The error also occurs during compaction, suggesting the corrupted/conversation state is being persisted.

## Expected behavior

- The client should either:
  - Ensure every `tool_calls` assistant message is followed by the matching tool response before sending the next request, or
  - Detect and repair the inconsistent turn state rather than repeatedly sending the malformed history to the provider.
- A session should be able to resume without hitting a permanent 400 loop.

## Related issues and PRs

This appears to be a **known class of bug** in `MoonshotAI/kimi-code` and the broader Kimi/Moonshot ecosystem. Below are the most relevant existing reports and attempted fixes.

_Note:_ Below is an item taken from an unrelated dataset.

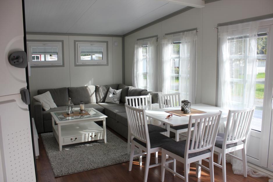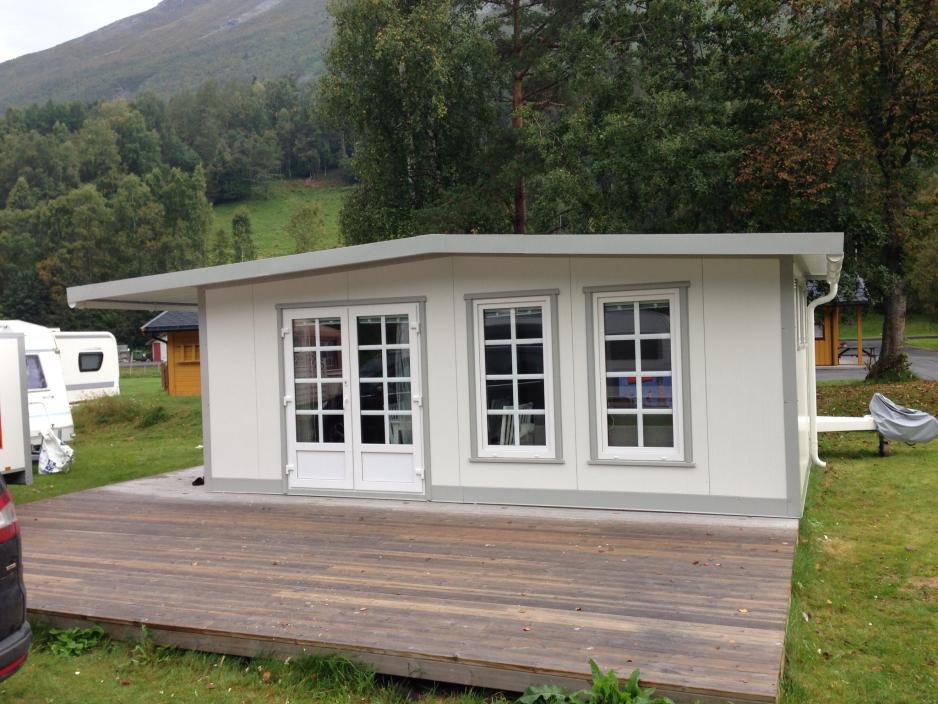 Førresfjorden i Rogaland.Tak: 70mm sandwichplater.Vegger: Sandwich galvanisert og pulverlakkerte stålplater.Vinduer: Vinduer med doble isolerglass. Rammene og karmer i lakkert aluminium. Alle standard vinduer kan åpnes.Dører: Låsbare. Skyvedører, enkelt dør, hel-glasset dør.Festematerialer: Huset blir prøvemontert på fabrikk. Popnagler benyttes.Brennbare materialer: Rockwool eller skum oppfyller minstekravet på EI15.Farger: Off-white med hvite beslagProdusentland: Kina.Skjøt mot vogn: Dobbel skinnepresenning i tak.Annet: Tre typer isolasjon: Isopor, Rockwool, flammehemmende polyretan skum (brannhemmende, god isoleringsevne). Kan levere fjerdevegg. Caravansleider kan drives med hånddrill.Priseksempel (5x3,5m): 87 500 kr med polyuretan, uten sprosser, uten montering, med mva.Priseksempel 2: (7x3.5m): 87 500 kr med polyuretan, uten sprosser, uten montering, med mva.
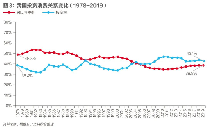 值得注意的是,扩投资必定引发中国内需结构的调整变化。北京大学光华管理学院展示的一份统计数据显示,中国的投资率从1978年的38.4%上涨至2019年的43.1%,消费率则从1978年的61.9%下降至2019年的55.4%——这意味着上述两项数据约为世界平均水平的两倍和三分之二。而国民经济研究所副所长王小鲁在内的诸多经济学家已针对中国投资率长期偏高、消费率长期偏低作出过警示:

### Directly related issues in `MoonshotAI/kimi-code`

| Issue | Status | Relationship |
|---|---|---|
| [#269](https://github.com/MoonshotAI/kimi-code/issues/269) | open | Same error after force-interrupt during tool execution; resume hits 400. Root cause diagnosed as dirty `pendingToolResultIds` + `project()` not filtering incomplete tool sequences. |
| [#660](https://github.com/MoonshotAI/kimi-code/issues/660) | open | "Impossible to resume crashed sessions" — OOM/force-kill during tool execution leaves session unresumable with `tool_call_ids did not have response messages`. |
| [#701](https://github.com/MoonshotAI/kimi-code/issues/701) | open | Same 400 on session resume with open tool calls; includes a [proposed fix commit](https://github.com/thecannabisapp/kimi-code/commit/0291e891f0d304add982598e6bcba992dd27042e) on an external fork. |
| [#520](https://github.com/MoonshotAI/kimi-code/issues/520) | open | Related flow: thinking model returns reasoning-only completion after a tool call (`APIEmptyResponseError`). |

### Related PRs in `MoonshotAI/kimi-code`

| PR | Status | Relationship |
|---|---|---|
| [#664](https://github.com/MoonshotAI/kimi-code/pull/664) | open | Direct fix for #660 — adds `trimTrailingOpenToolExchange()` in `project()` and `cleanupOrphanedToolCalls()` in `ContextMemory` after resume. |
| [#273](https://github.com/MoonshotAI/kimi-code/pull/273) | closed | Earlier fix attempt for #269 — synthesizes missing `tool.result` messages at replay time. |
| [#553](https://github.com/MoonshotAI/kimi-code/pull/553) | open | UX-side mitigation: auto-undo interrupted prompts when a turn produces no output. |

### Related reports in other Moonshot / Kimi projects

| Project | Issue | Notes |
|---|---|---|
| `MoonshotAI/kimi-cli` | [#1977](https://github.com/MoonshotAI/kimi-cli/issues/1977) | Exact same error (`Shell:58` tool_call_id missing). |
| `MoonshotAI/kimi-cli` | [#1299](https://github.com/MoonshotAI/kimi-cli/issues/1299) | Same error on `kimi --continue`; corrupted session history (disk full). Workaround: start a new session without `--continue`. |
| `MoonshotAI/kimi-cli` | [#1171](https://github.com/MoonshotAI/kimi-cli/issues/1171) | Malformed `tool_calls[].function.arguments` JSON poisons session history permanently. |
| `MoonshotAI/kimi-cli` | [#2165](https://github.com/MoonshotAI/kimi-cli/issues/2165) | Corrupted `context.jsonl` makes session unrecoverable. |

### Cross-project reports (same OpenAI-compatible error)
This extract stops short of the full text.